Released On 13 April 2026
Barbara's blog: From A Class To A Glass
Son recently announced that he had declined his place at university, where he would have studied International Wine Business. I was relieved and disappointed in equal measures and also not surprised. I had seen it coming even before it was uttered out loud, signalled by tiny shifts in body language whenever the subject was raised.
This was the culmination of Son’s year out, which I had agreed to on the proviso that it did not turn into a doss-fest. The first six months were promising: he continued to work his part-time job, passed his driving test, and completed his Level 2 exam in Wine from the Wine & Spirit Education Trust — a key qualification for those aspiring to work in that sector.
Then, as I had feared, progress dried up.
Teenagers are my favourite developmental phase to parent because they challenge my preconceptions and broaden my understanding of what it means to be young in this decade. I am lucky that Son and Daughter — who, having recently turned 20, is alas no longer a teenager — appreciate their mother’s efforts to be firm but fair, and enjoy educating me on their Gen Z quirks, while I live vicariously through their youth.
Nevertheless, I constantly walk a tightrope as I try to get the balance right.

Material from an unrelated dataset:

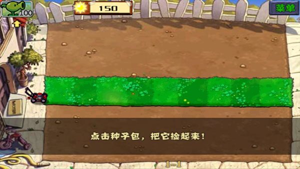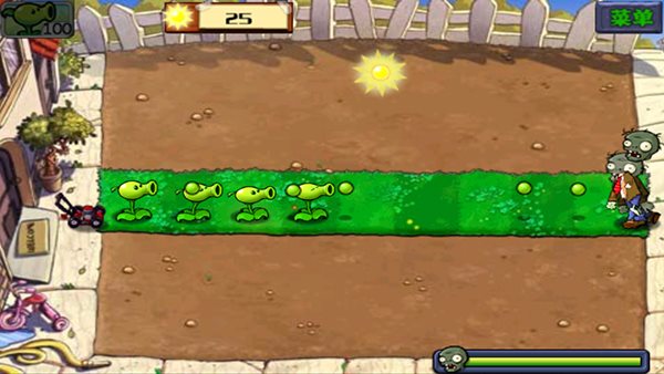3、可以看到左上角有豌豆射手和太陽,第一關的一個太陽是25的能量,需要4個太陽即可種植一個豌豆
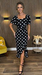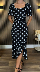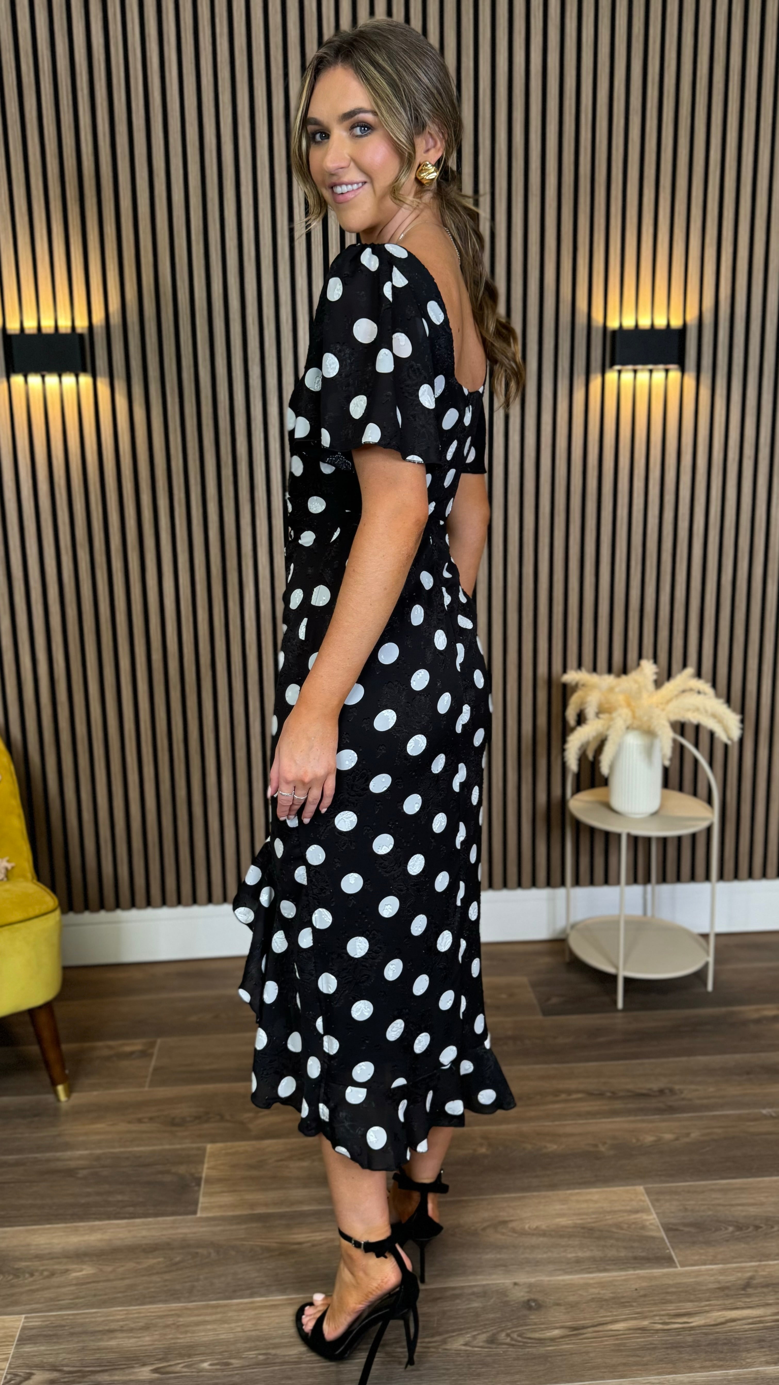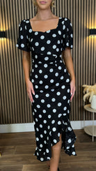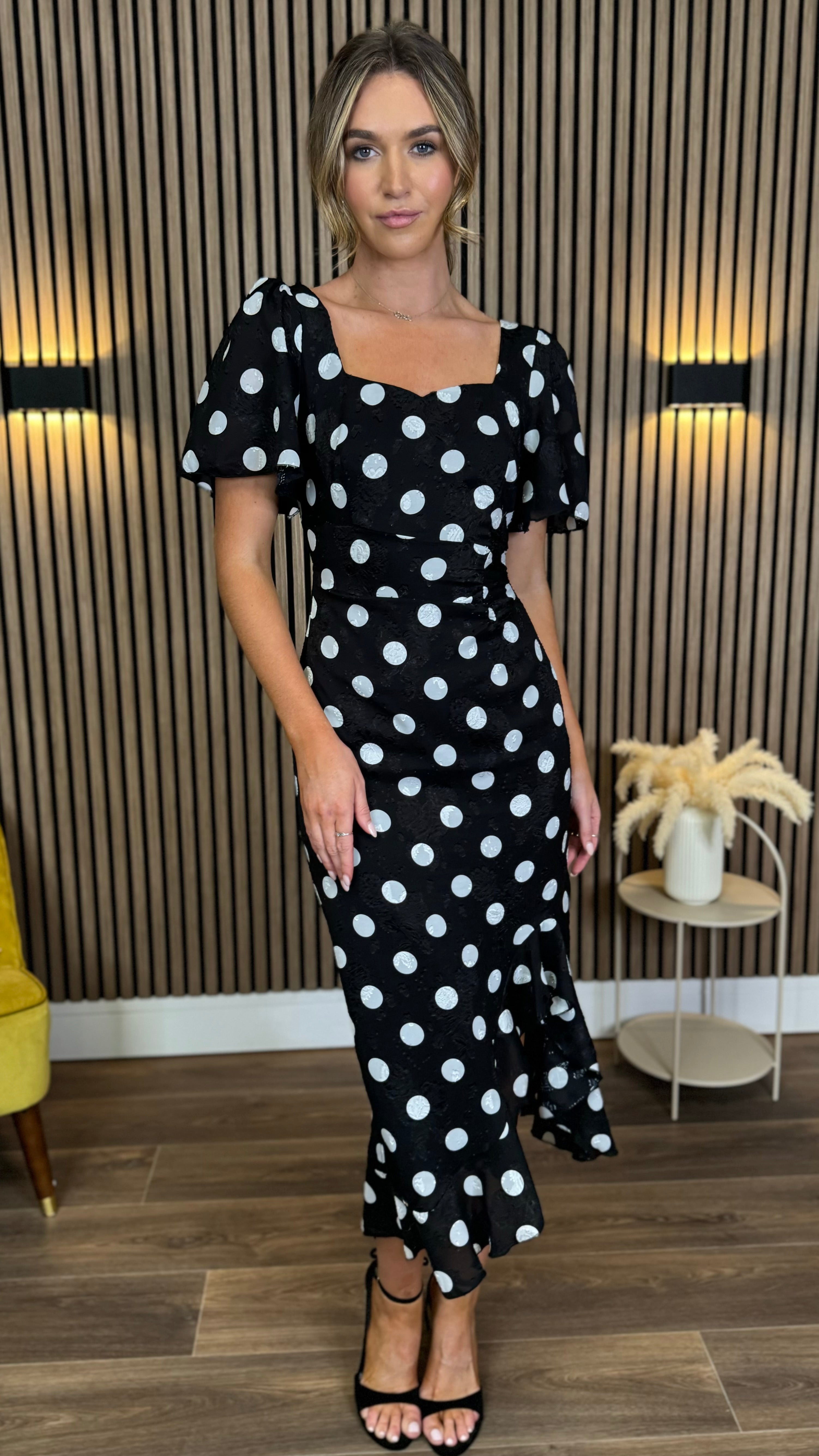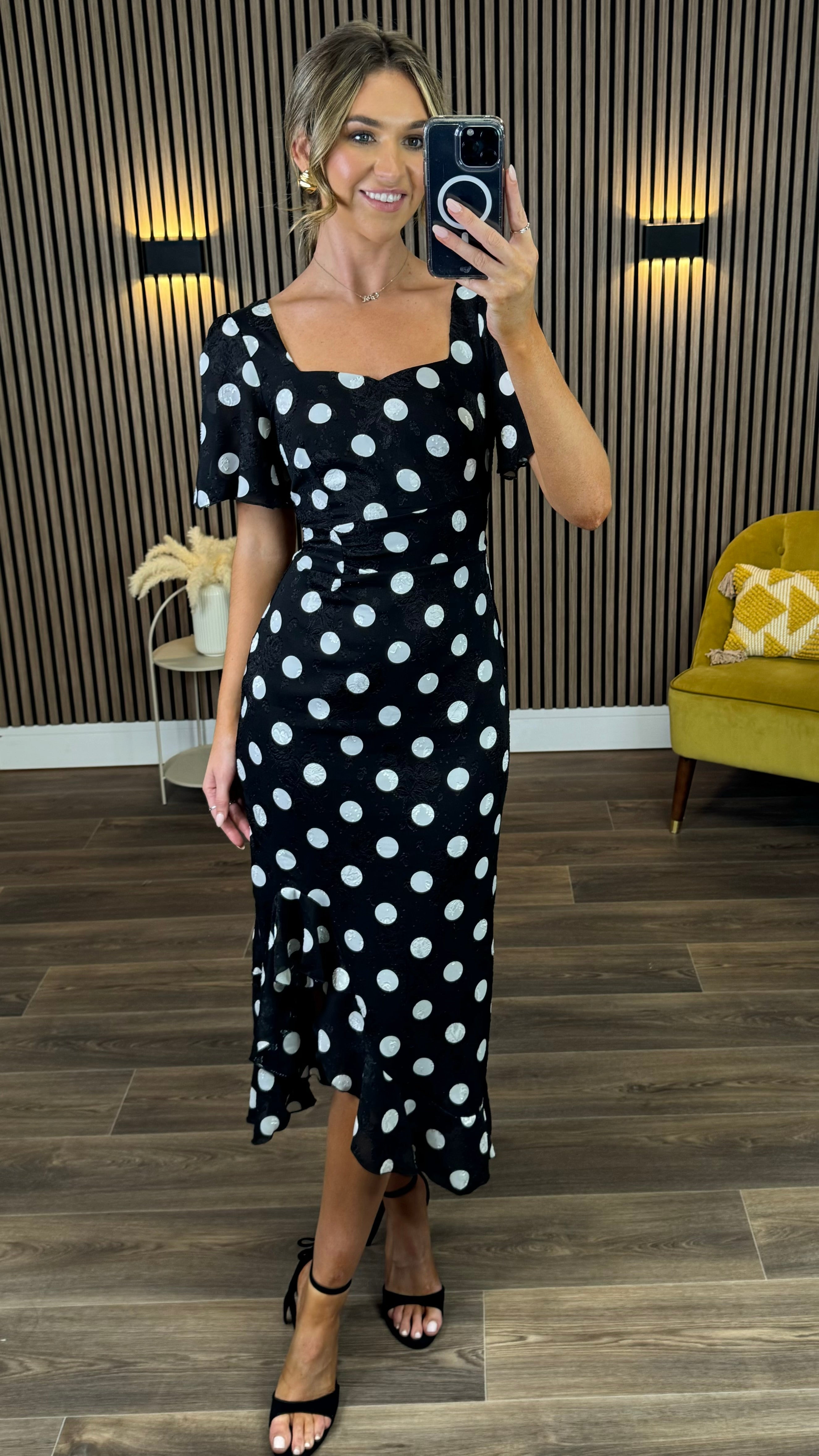 Step out in style with the Easkey Black & White Spot Burnout Ruched Midi Dress! 💃 Its sweetheart neckline and waist-cinching ruching create a flattering silhouette, while delicate frills add a playful touch. Crafted from luxurious burnout fabric, this dress blends chic comfort with effortless elegance. Perfect for pairing with heels and subtle jewellery for a look that turns heads! ✨👗

I’m sure you’ll agree that parenting this generation is not straightforward. You have to be supportive without taking over; encouraging, but without nagging or piling on pressure; attentive to disappointment, but not so much that you deprive them of the chance to develop resilience. You have to recognise when to walk alongside them and when to step aside entirely; to let them make mistakes and their own decisions, even when your experience tells you it will not end well.
All the while, you are mentally assessing whether what you are saying is still relevant to the world as it is now, and not something lifted from a hundred years ago (it can feel like that sometimes!). It is an endless intellectual gymkhana and often a thankless task. It is also only possible because of the fierce love you have for these imperfect human beings. Only a parent could go through this today and still decide it is worth doing again tomorrow.
Son’s experience of navigating his options for the future is vastly different from what mine, or Husband’s, would have been at his age under similar circumstances. My mother was strict, demanding and manipulative. She was obsessed with status and laser-focused on ensuring I studied and married well. Any discussion of a year out would have been shut down immediately, dismissed as a waste of time by someone for whom hyper-productivity was the only acceptable state.
Unsurprisingly, I left home at the earliest opportunity, but my mother’s influence stayed with me, and I went on to complete both a degree and a postgraduate qualification.
Husband’s parents, on the other hand, lived very much in the moment, almost hand-to-mouth. They were loving, welcoming and sociable, but offered their sons little direction when it came to further education, believing a steady income to be more valuable than a university degree. It was thanks to Husband’s natural talent and intelligence that he secured the excellent leadership role he has worked in for the past two and a half decades.
Two different approaches to the same problem; two very different personal experiences. Can we extract the best parts of each to inform our parenting? My mother’s ambition, discipline and respect for education, alongside Husband’s parents’ unconditional support and cheerful outlook on life. That is what we strive to do, but it is not foolproof.
Last week, Son told us that he had been successful in one of his applications and would be starting a new role at a vineyard imminently. He will begin front of house, with a view to eventually leading tours and tastings.
We are definitely taking this as a win. Cin cin.
Barbara works as an environmental strategist for the aviation regulator and lives a stone’s throw from the South Downs, with her 20-year-old creative daughter, 18-year-old ingenious son and supportive husband.